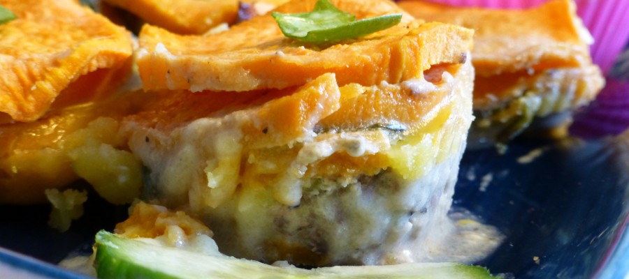 Skala och skiva sötpotatisen - det är bra om de är ganska små så att skivorna får plats i muffinsformar, annars dela skivorna så att de passar.
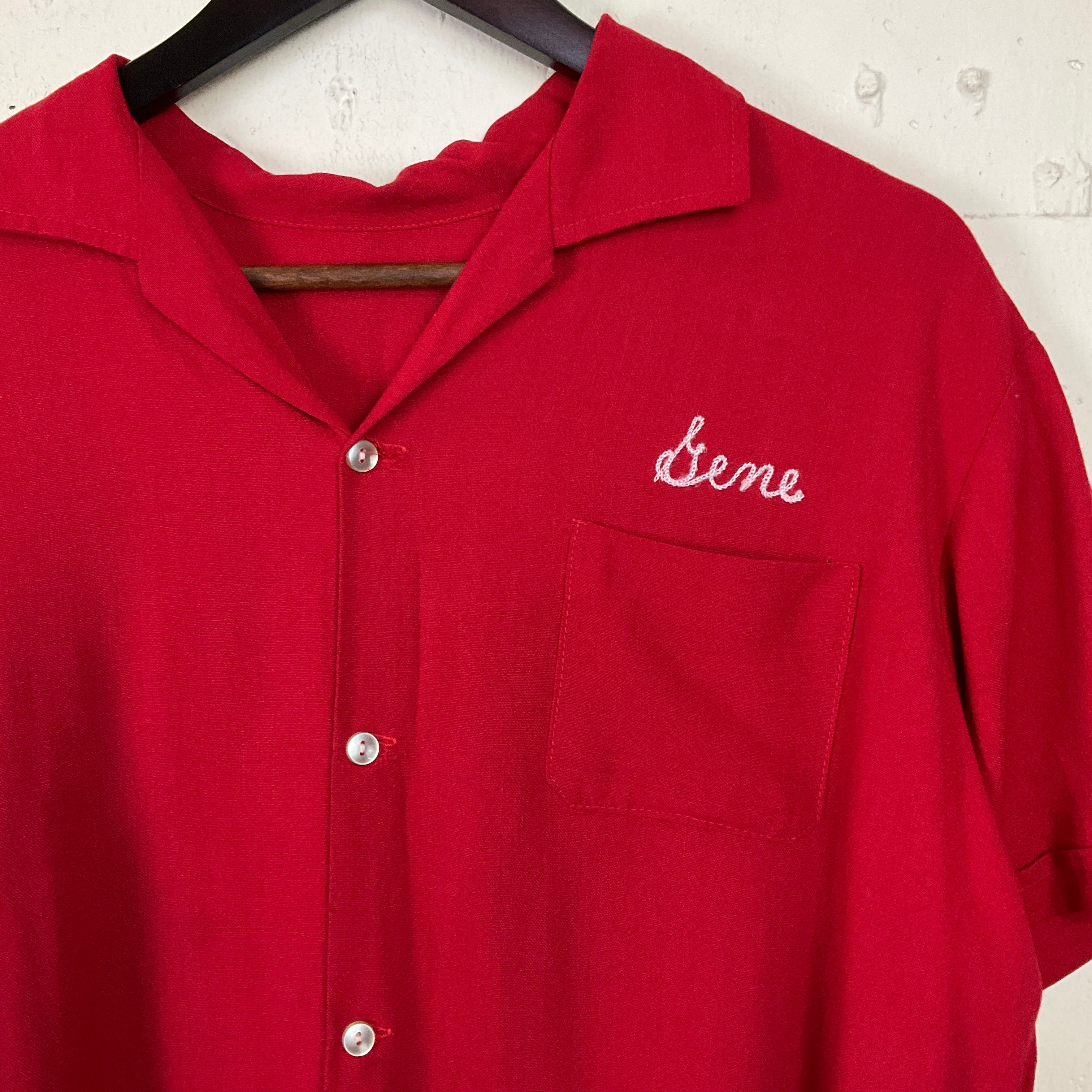 USA製 50年代〜 50s〜 PSA 刺繍 ボウリングシャツ 半袖シャツ 古着 ヴィンテージ ビンテージ メンズ レッド 赤 ボーリング【f240403026】
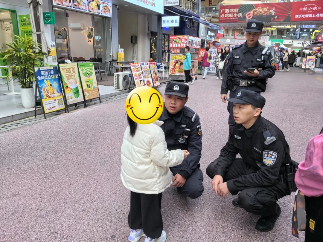 队员们一边安抚女孩的情绪,一边耐心询问女孩的家庭住址、父母姓名以及自己的姓名,但此时女孩情绪比较激动,并没问出太多有效信息。为尽快帮助女孩找到家人,赵振辉与指挥中心取得联系,告之若有家属报案寻找走失儿童的及时与警务站联系。同时,辅警带着女孩前往商场服务总台,尝试利用商场广播寻找女孩家长。
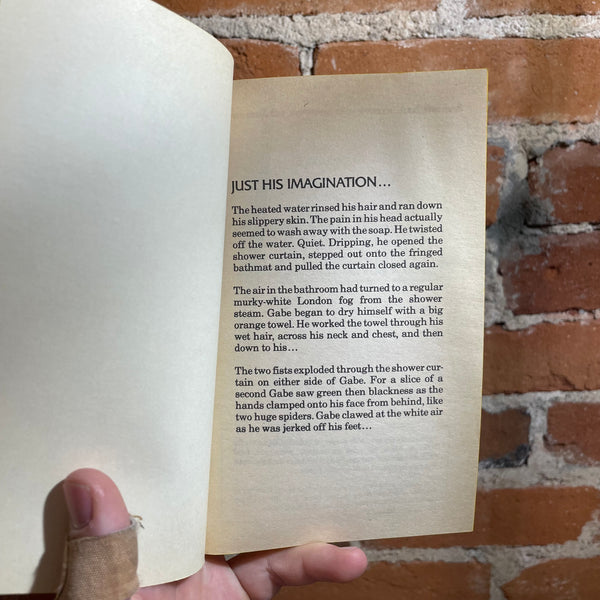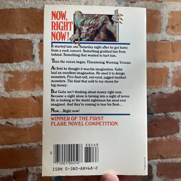 Blurb: "It started late one saturday night after he got home from a rock concert. Something grabbed him from behind. Something wanted to hurt him. Then the voices began. Threatening. Warning. Vicious. At first he thought it was his imagination. Gabe had an excellent imagination. He used it to design monsters. Five-foot-tall, red eyed, jagged toothed monsters. The kind that sold to toy stores for big money. But Gabe isn't thinking about money right now. Because a night alone is turning into a night of terror. He is looking at the worst nightmare his mind ever imagined. And they're coming to tear his flesh...Now...Right now!"-Lee J. Hindle”
::::::
Aim of the task. Pictures should not appear; only the lines from the start of the listing above to the line containing "队员们一边安抚女孩的情绪,一", both ends included, are to be repeated exactly.

Written answer.
 Skala och skiva sötpotatisen - det är bra om de är ganska små så att skivorna får plats i muffinsformar, annars dela skivorna så att de passar.
 USA製 50年代〜 50s〜 PSA 刺繍 ボウリングシャツ 半袖シャツ 古着 ヴィンテージ ビンテージ メンズ レッド 赤 ボーリング【f240403026】
 队员们一边安抚女孩的情绪,一边耐心询问女孩的家庭住址、父母姓名以及自己的姓名,但此时女孩情绪比较激动,并没问出太多有效信息。为尽快帮助女孩找到家人,赵振辉与指挥中心取得联系,告之若有家属报案寻找走失儿童的及时与警务站联系。同时,辅警带着女孩前往商场服务总台,尝试利用商场广播寻找女孩家长。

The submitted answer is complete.